介助が必要になったらひとり暮らしは続けられないと考える人は多いでしょう。

しかし、長年介護の現場の取材をしてきた私は、日本各地でそれを実現している人のお宅を訪問してきました。そのうちの11人の体験ストーリーをまとめたのが、新刊『11の成功例でわかる 自分で自分の介護をする本』です。本記事では彼らに共通するポイントを紹介します。

 

1. 介助が必要な高齢者の自立。結局は「お金」?

『ひとり暮らしでも大丈夫! 自分で自分の介護をする本』(河出書房新社)は、2023年に出版し、現在ではロングセラーになっています。この本では自宅で利用できる医療や介護のサービスをはじめ、介助が必要になることを防ぐヒントや住まいに関する情報などを紹介しました。

 

MySCUE記事 小山朝子 自分で自分の介護をするする


『ひとり暮らしでも大丈夫! 自分で自分の介護をする本』(河出書房新社)


同書を手にとった人のなかには「介助が必要になってひとり暮らしを続けるには、結局お金が大事ということ?」という印象をもった方がいたようです。確かに、必要な介護や医療を受けるためには「お金の事情」は重要です。しかしながら、「心豊かなひとり暮らし」を送れるかどうかという観点においては、必ずしもイコールではないようです。

2. 「自分で自分を介護する」ってどんなこと?

野沢宏子さん(88歳・仮名)は約20年、ホームヘルパーとして働き、いろいろな家庭を訪問してきました。彼女がサポートをしてきた利用者のなかには「私の息子は一流商社に勤めている」など家族の自慢話ばかりする人もいたとか。ところが現実はひとり暮らしで始終「寂しい」と洩らし、自慢の子供や孫からはほとんど連絡がないという人もいたといいます。 

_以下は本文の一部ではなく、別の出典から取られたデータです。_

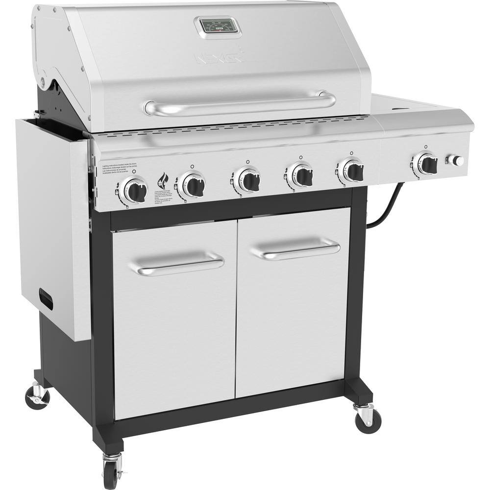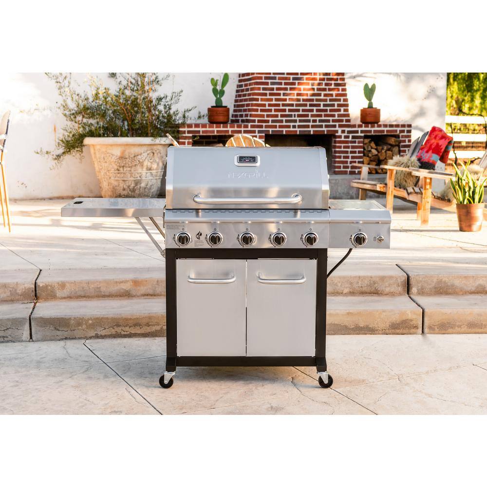 Nexgrill 720-1046 5-Burner Propane Gas Grill in Stainless Steel with Side Burner and Foldable Side Shelf
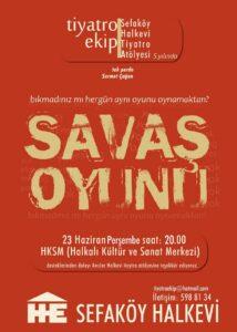 Sermet Çağan imzalı ‘Savaş Oyunu’ en temel hak olan yaşam hakkını araç haline getiren savaşların kimler için olduğunu sorgularken ‘barış’ için mücadele etmek gerektiğini söylüyordu. Oyunun sloganı da bu mücadelenin en temel sorusuydu: “Bıkmadınız mı her gün aynı oyunu oynamaktan?” Oyun, Küçükçekmece’de bir salonda oynandı, yüzlerce insan ekibi neşesiyle motive eden Kadir’i, arkadaşlarını ve oyunu ayakta alkışladı.

宏子さんはいろいろな家庭をみてきた経験から、たとえ家族がいたり、経済的な苦労はしていなくても寂しさを抱える人がいることを知りました。彼女自身は、息子一家とは不仲で経済的な余裕はあるとは言えない状況で生活してきました。しかし、寂しがってばかりの生活は送りたくないと、家族以外の頼れる仲間や友人をつくる心がけをしてきたといいます。

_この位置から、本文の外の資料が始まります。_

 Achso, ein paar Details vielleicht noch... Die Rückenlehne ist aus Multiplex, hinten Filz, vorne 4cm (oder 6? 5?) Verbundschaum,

現在、宏子さんは認知症と診断され、その後もひとり暮らしを続けていますが、趣味でつながっている仲間が彼女の自宅をときどき訪れ、おしゃべりを楽しんでいます。

最近ではデイサービスで教わった絵手紙を自宅でも描くようになりました。住所録を見ながら友人ひとりひとりの顔を思い出して、絵手紙を描いていると心が安らぐのだとか。これまで大切にしてきた友人や仲間の存在によって、宏子さんは認知症になってもひとり暮らしを続け、心豊かな生活を送っているようでした。

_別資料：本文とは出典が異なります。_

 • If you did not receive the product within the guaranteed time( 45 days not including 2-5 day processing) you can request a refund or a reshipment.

自分が望む老後は一朝一夕で実現することはできません。宏子さんは「寂しくない老後を送りたい」という望みをかなえるために、これまで仲間や友人を大切にすることを心がけてきました。宏子さんはまさに「自分で自分を介護」をしてきたのです。


「介護」とはその人が望む生活を送るための支援であり、その実現に至るまでの過程をも含むものだと私は考えています。自分が望む生活を送るための過程が、「自分で自分を介護する」ということだと捉えているのです。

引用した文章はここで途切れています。